**Activity**
Beginning with the line that holds "- 양념 : 당근 반" and ending with the last line, please repeat the entries exactly and omit the pictures.

**Available records**
================
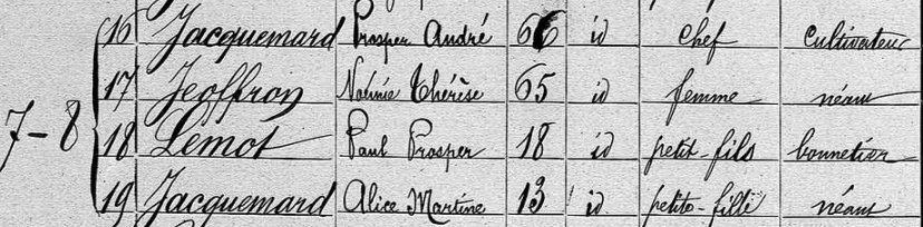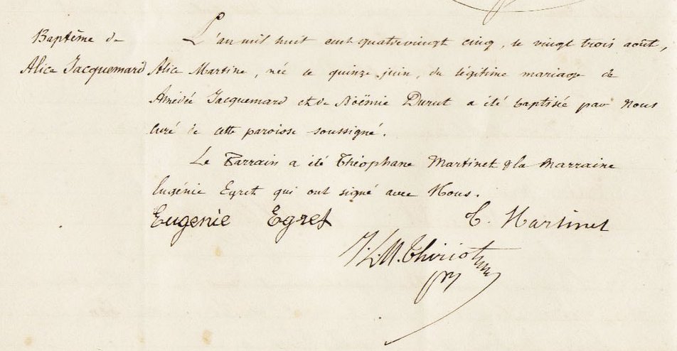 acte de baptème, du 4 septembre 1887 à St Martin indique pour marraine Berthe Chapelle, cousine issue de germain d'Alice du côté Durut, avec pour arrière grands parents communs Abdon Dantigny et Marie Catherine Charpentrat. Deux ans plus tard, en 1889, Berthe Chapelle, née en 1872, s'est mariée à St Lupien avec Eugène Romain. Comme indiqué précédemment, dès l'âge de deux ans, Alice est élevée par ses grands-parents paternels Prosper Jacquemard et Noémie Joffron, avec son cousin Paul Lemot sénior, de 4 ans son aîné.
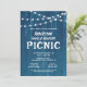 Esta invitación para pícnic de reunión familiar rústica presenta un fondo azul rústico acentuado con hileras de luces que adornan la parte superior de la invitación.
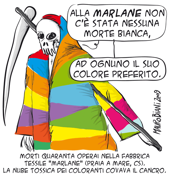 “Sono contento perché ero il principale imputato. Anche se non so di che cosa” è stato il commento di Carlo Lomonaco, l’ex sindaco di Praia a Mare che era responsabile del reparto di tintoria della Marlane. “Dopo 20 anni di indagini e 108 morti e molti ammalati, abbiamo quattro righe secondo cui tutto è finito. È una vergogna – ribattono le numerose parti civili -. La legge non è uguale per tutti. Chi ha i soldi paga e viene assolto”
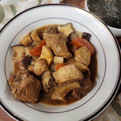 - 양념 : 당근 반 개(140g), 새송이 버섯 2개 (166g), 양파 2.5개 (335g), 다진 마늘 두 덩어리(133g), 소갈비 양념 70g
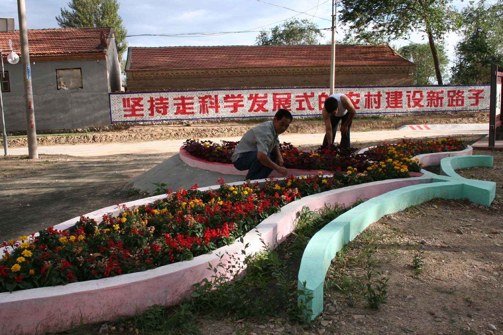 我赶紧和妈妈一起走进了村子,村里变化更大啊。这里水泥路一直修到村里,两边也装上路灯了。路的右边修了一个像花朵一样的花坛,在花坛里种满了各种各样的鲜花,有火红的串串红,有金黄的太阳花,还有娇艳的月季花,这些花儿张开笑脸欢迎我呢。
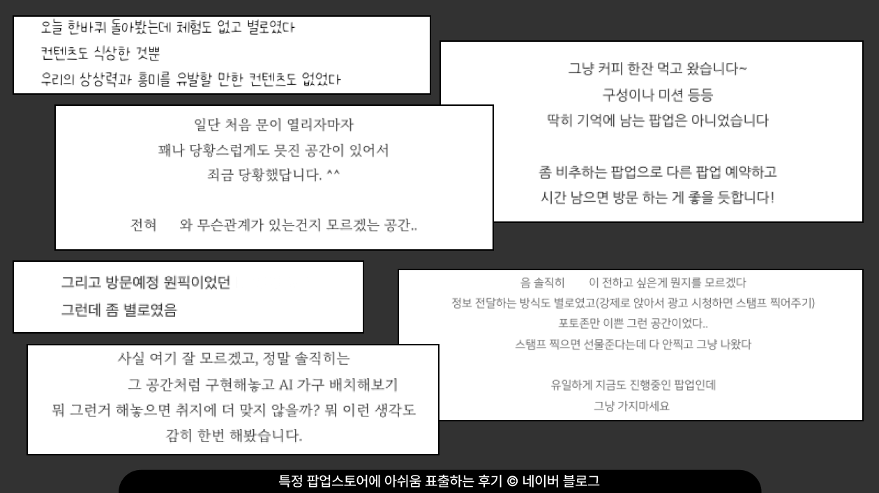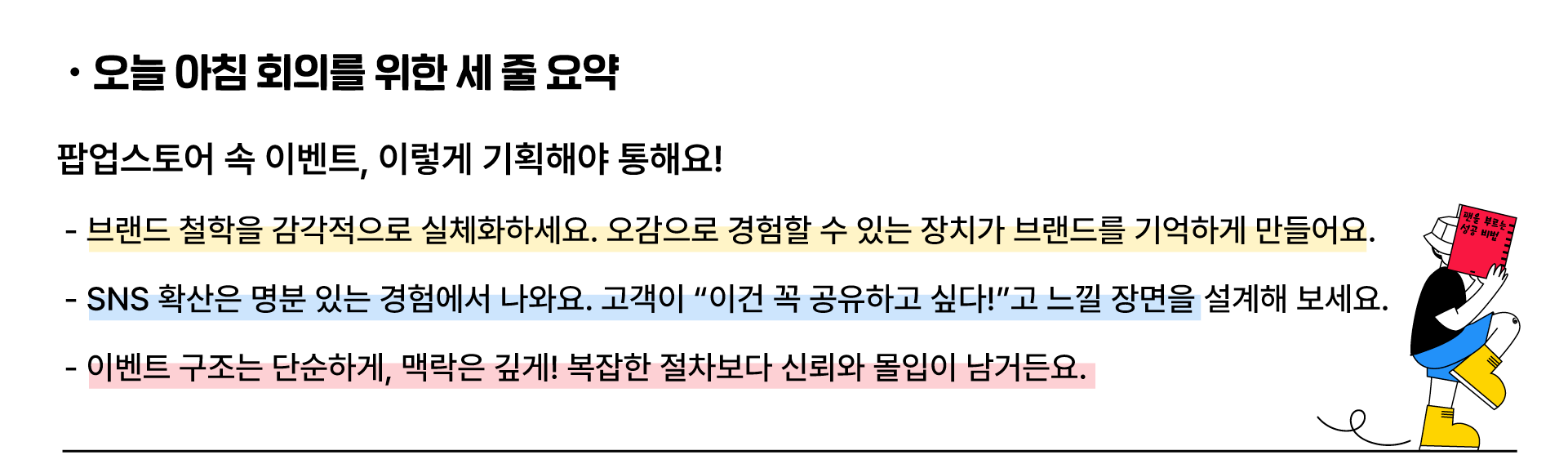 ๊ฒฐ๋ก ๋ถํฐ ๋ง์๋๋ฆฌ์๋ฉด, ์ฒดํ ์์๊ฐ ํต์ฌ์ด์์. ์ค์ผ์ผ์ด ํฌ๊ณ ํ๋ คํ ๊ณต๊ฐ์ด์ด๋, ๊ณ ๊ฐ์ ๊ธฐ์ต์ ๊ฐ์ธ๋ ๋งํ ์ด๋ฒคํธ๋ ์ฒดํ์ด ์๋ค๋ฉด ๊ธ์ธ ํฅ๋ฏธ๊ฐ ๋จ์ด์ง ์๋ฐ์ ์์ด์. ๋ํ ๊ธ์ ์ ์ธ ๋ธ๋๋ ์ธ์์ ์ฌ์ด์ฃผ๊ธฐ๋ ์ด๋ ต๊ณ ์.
================
**Written solution**
 - 양념 : 당근 반 개(140g), 새송이 버섯 2개 (166g), 양파 2.5개 (335g), 다진 마늘 두 덩어리(133g), 소갈비 양념 70g
 我赶紧和妈妈一起走进了村子,村里变化更大啊。这里水泥路一直修到村里,两边也装上路灯了。路的右边修了一个像花朵一样的花坛,在花坛里种满了各种各样的鲜花,有火红的串串红,有金黄的太阳花,还有娇艳的月季花,这些花儿张开笑脸欢迎我呢。
 ๊ฒฐ๋ก ๋ถํฐ ๋ง์๋๋ฆฌ์๋ฉด, ์ฒดํ ์์๊ฐ ํต์ฌ์ด์์. ์ค์ผ์ผ์ด ํฌ๊ณ ํ๋ คํ ๊ณต๊ฐ์ด์ด๋, ๊ณ ๊ฐ์ ๊ธฐ์ต์ ๊ฐ์ธ๋ ๋งํ ์ด๋ฒคํธ๋ ์ฒดํ์ด ์๋ค๋ฉด ๊ธ์ธ ํฅ๋ฏธ๊ฐ ๋จ์ด์ง ์๋ฐ์ ์์ด์. ๋ํ ๊ธ์ ์ ์ธ ๋ธ๋๋ ์ธ์์ ์ฌ์ด์ฃผ๊ธฐ๋ ์ด๋ ต๊ณ ์.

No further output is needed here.